Task requirements |
Look below for the line that has "This is an antique"; output exactly from it through the line that has "If it were possible", and leave the pictures out.

Supplied records |
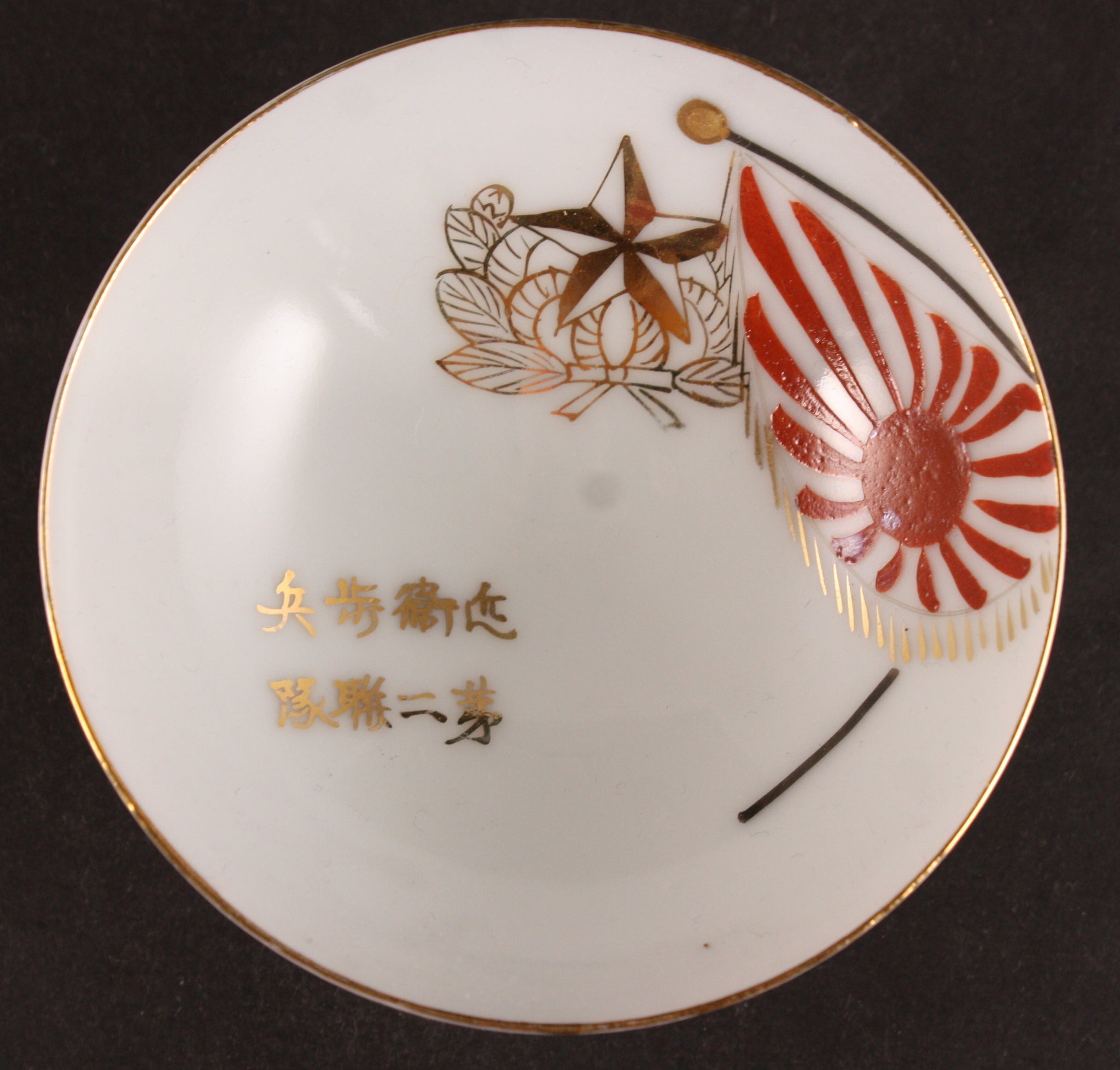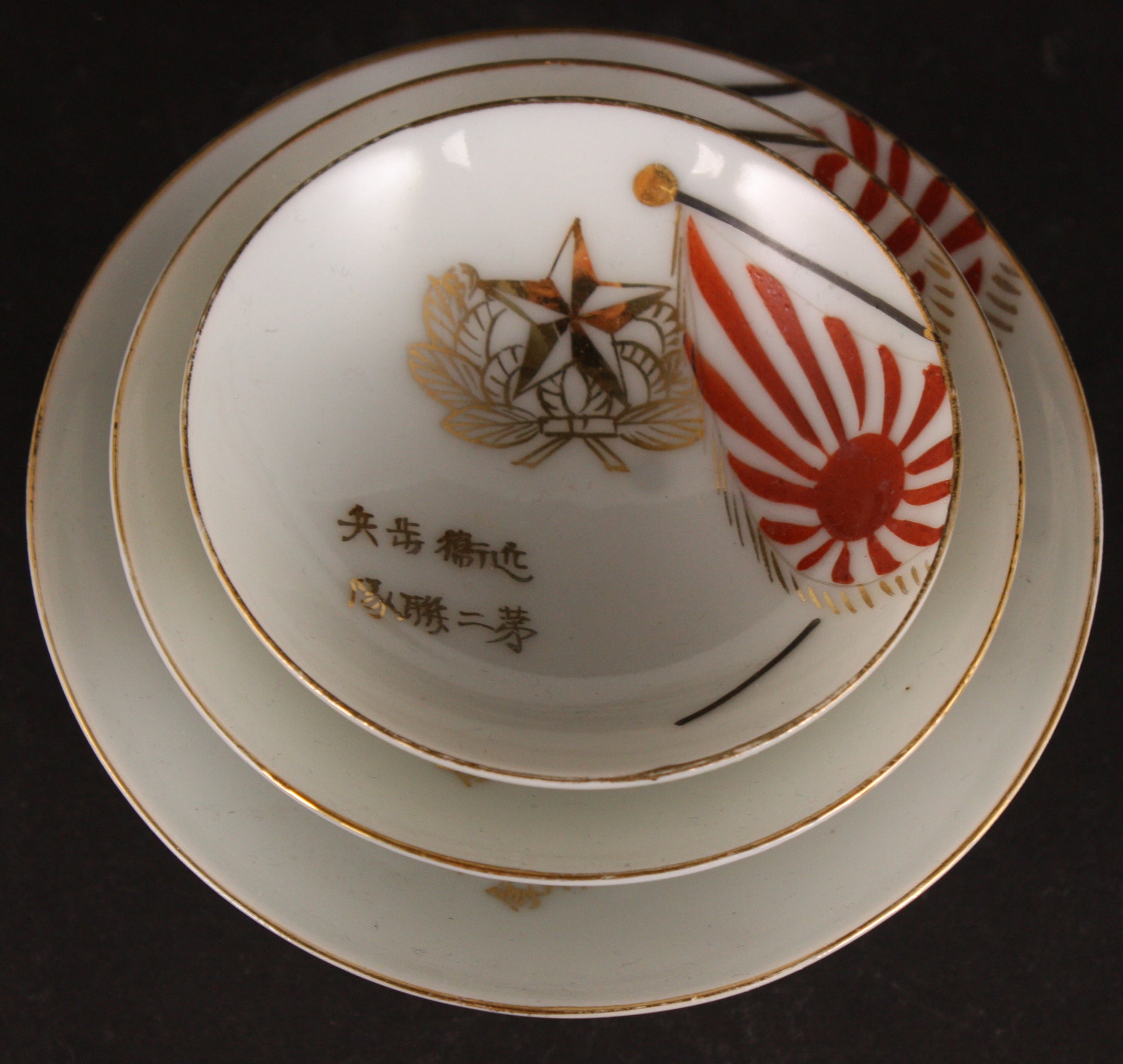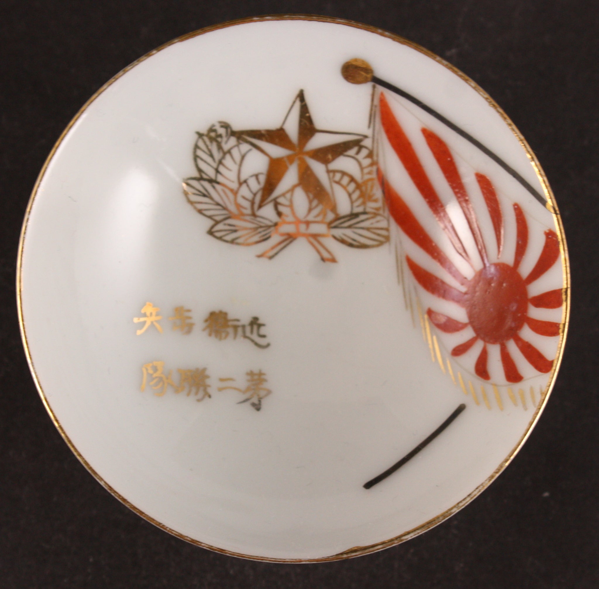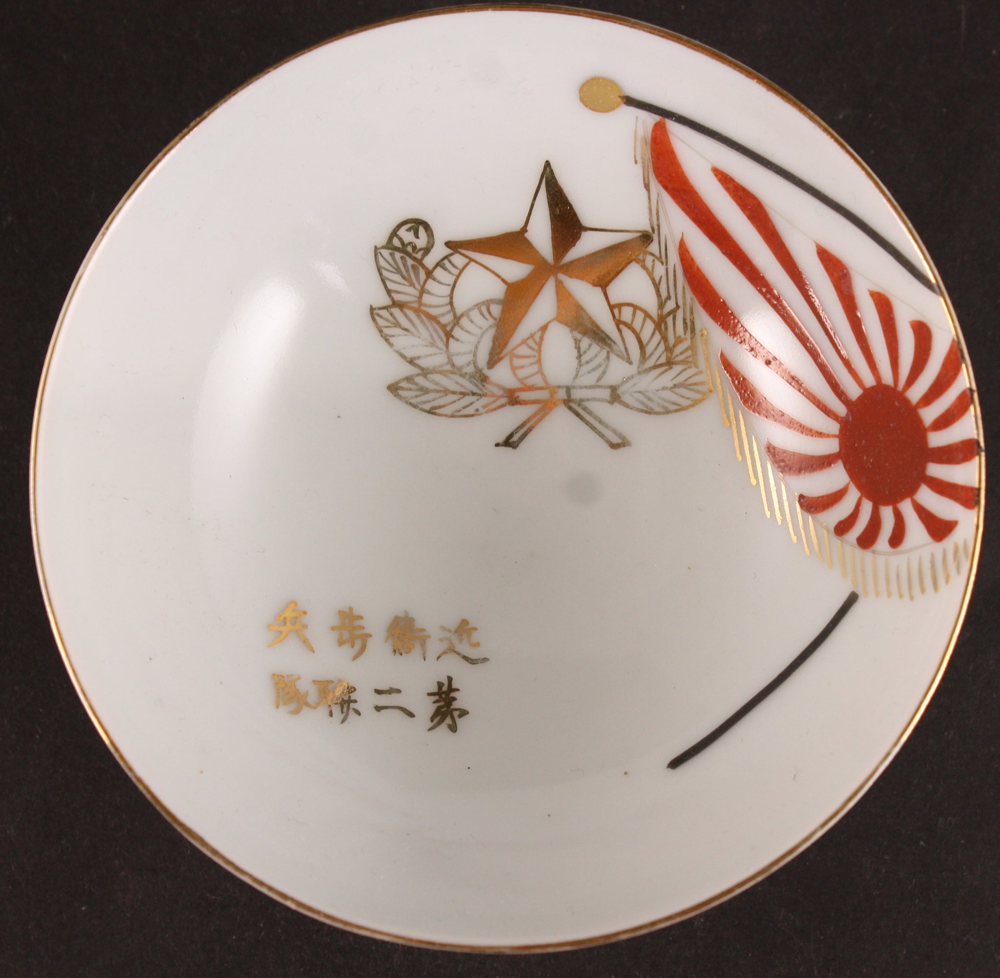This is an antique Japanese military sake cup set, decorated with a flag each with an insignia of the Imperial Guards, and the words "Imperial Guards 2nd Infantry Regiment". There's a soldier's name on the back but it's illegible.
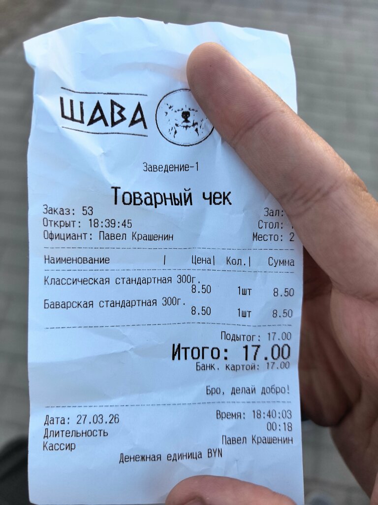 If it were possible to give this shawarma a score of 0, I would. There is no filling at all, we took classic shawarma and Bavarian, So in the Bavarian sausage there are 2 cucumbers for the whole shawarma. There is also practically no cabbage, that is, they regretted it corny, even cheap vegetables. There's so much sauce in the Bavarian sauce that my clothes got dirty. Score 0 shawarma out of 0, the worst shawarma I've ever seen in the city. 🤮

---

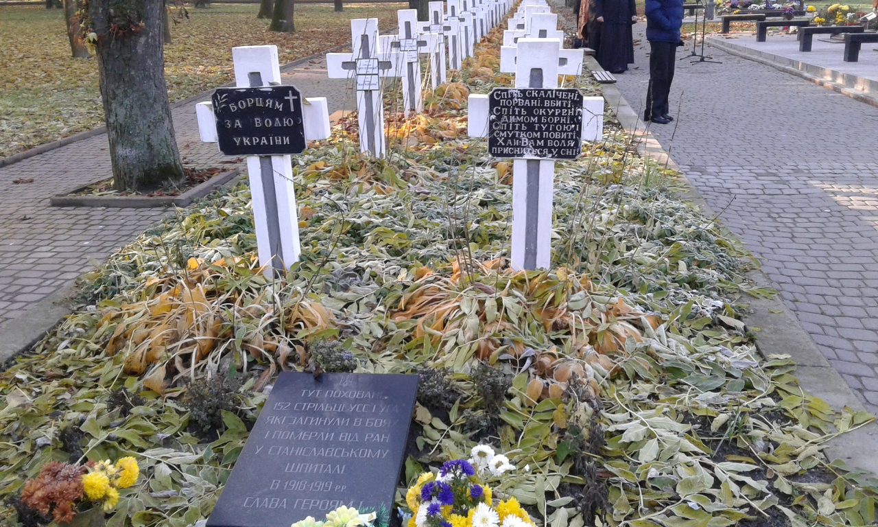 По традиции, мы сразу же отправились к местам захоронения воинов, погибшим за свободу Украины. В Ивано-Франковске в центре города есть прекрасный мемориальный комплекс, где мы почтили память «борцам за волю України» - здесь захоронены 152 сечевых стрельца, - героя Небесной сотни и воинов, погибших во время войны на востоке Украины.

Solution for this exercise |
This is an antique Japanese military sake cup set, decorated with a flag each with an insignia of the Imperial Guards, and the words "Imperial Guards 2nd Infantry Regiment". There's a soldier's name on the back but it's illegible.
 If it were possible to give this shawarma a score of 0, I would. There is no filling at all, we took classic shawarma and Bavarian, So in the Bavarian sausage there are 2 cucumbers for the whole shawarma. There is also practically no cabbage, that is, they regretted it corny, even cheap vegetables. There's so much sauce in the Bavarian sauce that my clothes got dirty. Score 0 shawarma out of 0, the worst shawarma I've ever seen in the city. 🤮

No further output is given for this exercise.